How about applying the streaming groupby approach?
Let’s use k = 7
to simulate the algorithm.
i) Load k
rows from the dataset.
object_id passband flux mjd
===================================
615 uu 52.91 59750
615 gg 381.95 59750
615 gg 384.18 59751
615 uu 153.49 59751
615 yy -111.06 59750
713 yy -180.23 59751
713 uu 61.06 59753
ii) Identify the last group from the k
rows. Basically, we just take the group ID of the last row. In this case, the last group ID is 713.
iii) Put the m
rows corresponding to the last group aside (called as orphans). In this case, the value of m
is 2 since there are two rows whose group ID is 713.
iv) Perform the groupBy
on the remaining k - m
rows. In this case, we perform the groupBy
operation on the first 5 rows. The last 2 rows is discarded for the next chunk. For the sake of completeness, here’s the result of the groupBy
operation.
group_id passband flux_mean
=================================
615 uu 103.2
615 gg 383.065
615 yy -111.06
v) Repeat from step (i), and add the orphan rows at the top of the next chunk. The previous last two columns (group id 713) are added at the top of the next seven rows.

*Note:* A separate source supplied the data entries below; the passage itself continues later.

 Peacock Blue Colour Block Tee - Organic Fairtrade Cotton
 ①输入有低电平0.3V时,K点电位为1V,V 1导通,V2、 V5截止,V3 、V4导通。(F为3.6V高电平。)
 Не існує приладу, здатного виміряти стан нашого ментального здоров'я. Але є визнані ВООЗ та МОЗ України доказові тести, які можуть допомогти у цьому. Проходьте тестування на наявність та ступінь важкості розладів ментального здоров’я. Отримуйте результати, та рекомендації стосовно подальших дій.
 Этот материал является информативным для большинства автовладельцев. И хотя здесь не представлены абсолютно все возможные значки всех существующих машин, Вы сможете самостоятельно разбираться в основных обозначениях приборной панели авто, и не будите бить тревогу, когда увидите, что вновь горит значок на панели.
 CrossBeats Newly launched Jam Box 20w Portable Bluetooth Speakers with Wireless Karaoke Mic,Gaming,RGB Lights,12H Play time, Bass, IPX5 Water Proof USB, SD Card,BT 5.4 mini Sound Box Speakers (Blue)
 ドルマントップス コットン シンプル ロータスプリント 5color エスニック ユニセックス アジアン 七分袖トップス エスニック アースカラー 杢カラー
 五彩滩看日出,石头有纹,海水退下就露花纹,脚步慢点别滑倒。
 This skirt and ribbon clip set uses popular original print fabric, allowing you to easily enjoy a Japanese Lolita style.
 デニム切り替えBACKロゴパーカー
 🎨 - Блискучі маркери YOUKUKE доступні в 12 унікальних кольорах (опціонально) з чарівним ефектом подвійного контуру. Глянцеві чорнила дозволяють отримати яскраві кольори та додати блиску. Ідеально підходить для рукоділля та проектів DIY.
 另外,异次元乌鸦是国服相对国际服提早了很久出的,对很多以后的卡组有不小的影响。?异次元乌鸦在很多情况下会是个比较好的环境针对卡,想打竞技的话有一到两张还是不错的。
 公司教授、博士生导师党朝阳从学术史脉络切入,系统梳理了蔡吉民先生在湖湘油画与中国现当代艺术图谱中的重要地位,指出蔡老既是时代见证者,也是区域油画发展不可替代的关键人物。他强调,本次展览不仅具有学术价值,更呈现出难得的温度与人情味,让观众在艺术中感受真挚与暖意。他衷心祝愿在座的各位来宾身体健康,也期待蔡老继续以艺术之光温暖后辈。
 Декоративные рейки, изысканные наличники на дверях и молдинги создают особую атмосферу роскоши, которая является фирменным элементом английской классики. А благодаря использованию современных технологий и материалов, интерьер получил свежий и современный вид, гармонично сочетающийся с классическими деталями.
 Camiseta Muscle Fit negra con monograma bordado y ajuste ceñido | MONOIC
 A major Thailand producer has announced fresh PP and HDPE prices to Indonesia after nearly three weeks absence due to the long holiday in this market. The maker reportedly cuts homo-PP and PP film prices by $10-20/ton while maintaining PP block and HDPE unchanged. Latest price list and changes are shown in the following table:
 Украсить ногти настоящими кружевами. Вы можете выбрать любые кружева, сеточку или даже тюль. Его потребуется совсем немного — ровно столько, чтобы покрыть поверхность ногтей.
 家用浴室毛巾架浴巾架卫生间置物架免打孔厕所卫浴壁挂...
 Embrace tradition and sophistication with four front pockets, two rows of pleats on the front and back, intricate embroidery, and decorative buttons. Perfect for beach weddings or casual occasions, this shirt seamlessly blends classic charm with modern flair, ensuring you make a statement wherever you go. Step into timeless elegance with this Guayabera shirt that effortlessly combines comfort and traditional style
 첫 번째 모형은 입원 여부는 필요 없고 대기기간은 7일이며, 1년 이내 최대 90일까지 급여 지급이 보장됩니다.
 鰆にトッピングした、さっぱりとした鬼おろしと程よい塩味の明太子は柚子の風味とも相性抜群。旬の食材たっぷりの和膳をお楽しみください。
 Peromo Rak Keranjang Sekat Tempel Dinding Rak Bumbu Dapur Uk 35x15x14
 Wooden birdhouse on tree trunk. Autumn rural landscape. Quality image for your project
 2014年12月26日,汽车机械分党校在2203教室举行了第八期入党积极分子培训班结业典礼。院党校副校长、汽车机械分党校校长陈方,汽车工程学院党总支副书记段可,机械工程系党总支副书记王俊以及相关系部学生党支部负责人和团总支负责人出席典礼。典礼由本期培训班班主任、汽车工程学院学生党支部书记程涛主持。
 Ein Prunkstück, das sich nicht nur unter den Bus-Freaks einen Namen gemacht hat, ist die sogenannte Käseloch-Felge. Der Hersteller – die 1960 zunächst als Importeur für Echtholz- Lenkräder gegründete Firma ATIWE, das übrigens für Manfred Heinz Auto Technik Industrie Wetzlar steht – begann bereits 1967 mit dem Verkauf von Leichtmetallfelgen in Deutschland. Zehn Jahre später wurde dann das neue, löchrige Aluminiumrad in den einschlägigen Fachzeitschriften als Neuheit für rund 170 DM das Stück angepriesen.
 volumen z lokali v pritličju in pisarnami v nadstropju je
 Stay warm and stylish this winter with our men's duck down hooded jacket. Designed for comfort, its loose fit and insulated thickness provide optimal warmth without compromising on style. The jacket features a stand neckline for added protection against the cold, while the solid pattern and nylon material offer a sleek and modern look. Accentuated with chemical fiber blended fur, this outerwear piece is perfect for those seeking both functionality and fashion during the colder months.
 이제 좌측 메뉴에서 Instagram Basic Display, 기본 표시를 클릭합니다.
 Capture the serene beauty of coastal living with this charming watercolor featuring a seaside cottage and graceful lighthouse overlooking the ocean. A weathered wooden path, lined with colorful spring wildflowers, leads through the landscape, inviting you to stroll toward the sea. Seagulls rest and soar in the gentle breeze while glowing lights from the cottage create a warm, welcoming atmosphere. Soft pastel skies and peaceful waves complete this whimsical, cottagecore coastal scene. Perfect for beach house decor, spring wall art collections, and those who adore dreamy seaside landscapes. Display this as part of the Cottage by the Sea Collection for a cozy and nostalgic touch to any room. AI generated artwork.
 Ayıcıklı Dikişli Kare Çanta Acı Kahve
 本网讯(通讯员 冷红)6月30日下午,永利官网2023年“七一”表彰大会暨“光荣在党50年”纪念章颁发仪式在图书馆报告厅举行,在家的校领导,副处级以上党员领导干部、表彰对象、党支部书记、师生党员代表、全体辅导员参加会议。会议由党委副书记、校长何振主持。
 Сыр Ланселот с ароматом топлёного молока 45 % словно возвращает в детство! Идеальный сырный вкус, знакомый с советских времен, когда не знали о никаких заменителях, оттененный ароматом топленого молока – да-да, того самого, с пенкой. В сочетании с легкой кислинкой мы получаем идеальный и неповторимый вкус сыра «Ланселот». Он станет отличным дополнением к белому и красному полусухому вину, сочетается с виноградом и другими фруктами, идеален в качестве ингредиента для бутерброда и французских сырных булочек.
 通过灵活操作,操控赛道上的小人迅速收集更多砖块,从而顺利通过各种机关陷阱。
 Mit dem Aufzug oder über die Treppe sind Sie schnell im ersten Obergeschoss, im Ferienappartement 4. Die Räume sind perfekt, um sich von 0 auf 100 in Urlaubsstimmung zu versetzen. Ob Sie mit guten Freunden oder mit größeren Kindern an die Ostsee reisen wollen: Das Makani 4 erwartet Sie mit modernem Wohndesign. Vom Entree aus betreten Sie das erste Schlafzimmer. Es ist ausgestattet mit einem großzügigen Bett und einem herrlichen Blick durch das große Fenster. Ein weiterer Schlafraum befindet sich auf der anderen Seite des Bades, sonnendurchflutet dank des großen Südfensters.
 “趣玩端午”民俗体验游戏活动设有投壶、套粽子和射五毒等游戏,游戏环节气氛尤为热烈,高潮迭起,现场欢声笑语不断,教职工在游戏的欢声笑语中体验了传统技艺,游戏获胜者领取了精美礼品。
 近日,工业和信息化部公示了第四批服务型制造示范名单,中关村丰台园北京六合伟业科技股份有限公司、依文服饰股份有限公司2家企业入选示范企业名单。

object_id passband flux mjd
=======================================
713 yy -180.23 59751 --> from the previous chunk
713 uu 61.06 59753 --> from the previous chunk
713 uu 107.64 59754
713 yy -133.42 59752
713 uu 118.74 59755
The algorithm is quite simple, though. However, in my humble opinion, the used assumptions make this approach limited to particular cases. Additionally, requiring the dataset to be sorted first before applying the algorithm might be a critical issue when the data size is extremely large.
Apart from the assumptions, I was thinking of an extreme case which might introduce a critical risk for this approach.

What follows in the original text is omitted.